Nearly half of Americans lied to others about COVID- study

Researchers warn that coronavirus precaution fibs could potentially lengthen the current COVID-19 pandemic or promote the spread of other infectious diseases in the future.

Israeli receiving a COVID test at Meuhedet Health Maintenance Organization center in Jerusalem on August 11, 2021. (photo credit: MARC ISRAEL SELLEM)
Israeli receiving a COVID test at Meuhedet Health Maintenance Organization center in Jerusalem on August 11, 2021.
(photo credit: MARC ISRAEL SELLEM)

Since COVID-19 began, have you ever been tempted to fudge the truth and pretend to be taking all the right virus prevention steps? A newly published survey says you're not alone.  
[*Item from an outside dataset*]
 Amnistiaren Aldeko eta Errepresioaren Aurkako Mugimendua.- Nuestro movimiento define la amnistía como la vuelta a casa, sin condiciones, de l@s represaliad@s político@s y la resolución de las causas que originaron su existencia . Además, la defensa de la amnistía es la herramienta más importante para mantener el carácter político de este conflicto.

During the peak of the COVID-19 pandemic, some 42% of Americans didn't adhere to public health measures or lied about being compliant, mostly because they wanted life to feel normal and exercise their personal freedoms, according to a new peer-reviewed study published Monday in JAMA Network Open

The December 2021 survey, conducted by University of Utah Health scientists in collaboration with other researchers across the nation, asked 1,700 Americans whether they had ever misrepresented their COVID-19 or vaccination status, or told others that they were following public health measures such as masking and social distancing when they were not. 
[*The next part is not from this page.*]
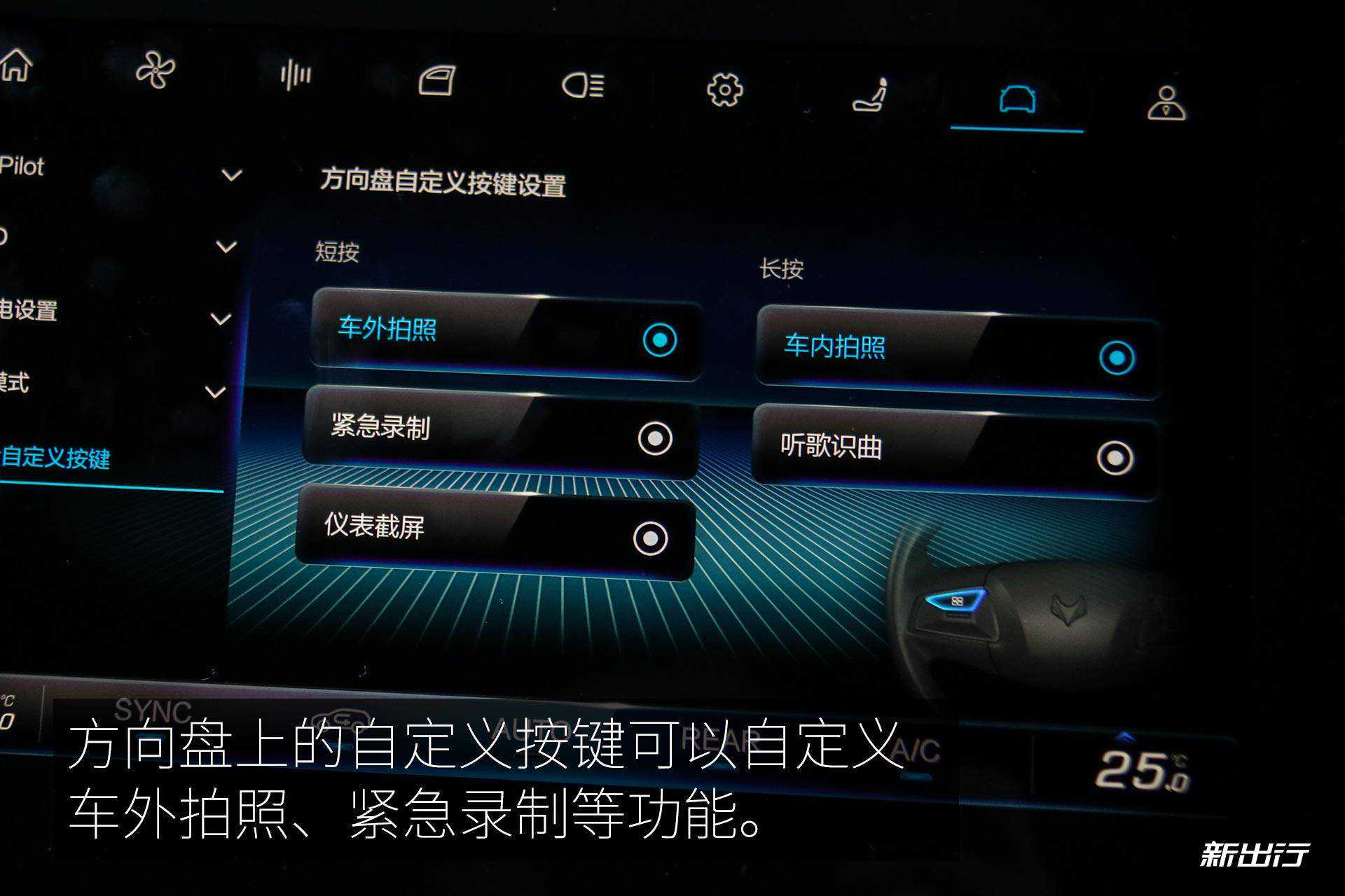 双幅式真皮方向盘握感还是很饱满的,打孔和平底的设计元素增添了一丝运动感。左侧是仪表盘的信息切换按键,右侧则是多媒体以及语音控制按键。此外方向盘左侧还有一颗自定义按键,可以设定车外拍照、车内拍照、紧急录制等功能。

 The COVID-19 vaccine (illustrative). (credit: PIXABAY) The COVID-19 vaccine (illustrative). (credit: PIXABAY)

Four out of ten participants reported that they had misrepresented their COVID-19 status or failed to follow public health guidelines. 
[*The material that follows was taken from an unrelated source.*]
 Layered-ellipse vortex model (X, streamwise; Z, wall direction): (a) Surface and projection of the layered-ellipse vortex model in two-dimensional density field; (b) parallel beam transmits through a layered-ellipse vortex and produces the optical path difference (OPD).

"COVID-19 safety measures can certainly be burdensome, but they work."

Andrea Gurmankin Levy

Who lied about COVID the most?

The study notes that those younger than 60 had significantly higher odds of misrepresentation or nonadherence to at least one measure. 

The most common reasons for ignoring guidelines, in addition to wanting life to feel normal and exercise personal freedom, were thinking COVID-19 was a hoax or not a major issue, believing that their behavior was no one else's business, not having symptoms, following the advice of a celebrity or other public figure, not wanting to miss work to quarantine and not wanting someone to judge or think negatively of them.

The researchers found no association between COVID-19 misrepresentation and political beliefs, political party affiliation or religion.

Honesty is the best policy in a pandemic 

Angela Fagerlin, a senior author of the study, said that the high numbers of people lying about COVID precautions has lead to prolonging the pandemic. This could potentially lengthen the current COVID-19 pandemic or promote the spread of other infectious diseases in the future, she warned. 

"Some individuals may think if they fib about their COVID-19 status once or twice, it's not a big deal," she said. 

Co-lead author Andrea Gurmankin Levy added: "COVID-19 safety measures can certainly be burdensome, but they work."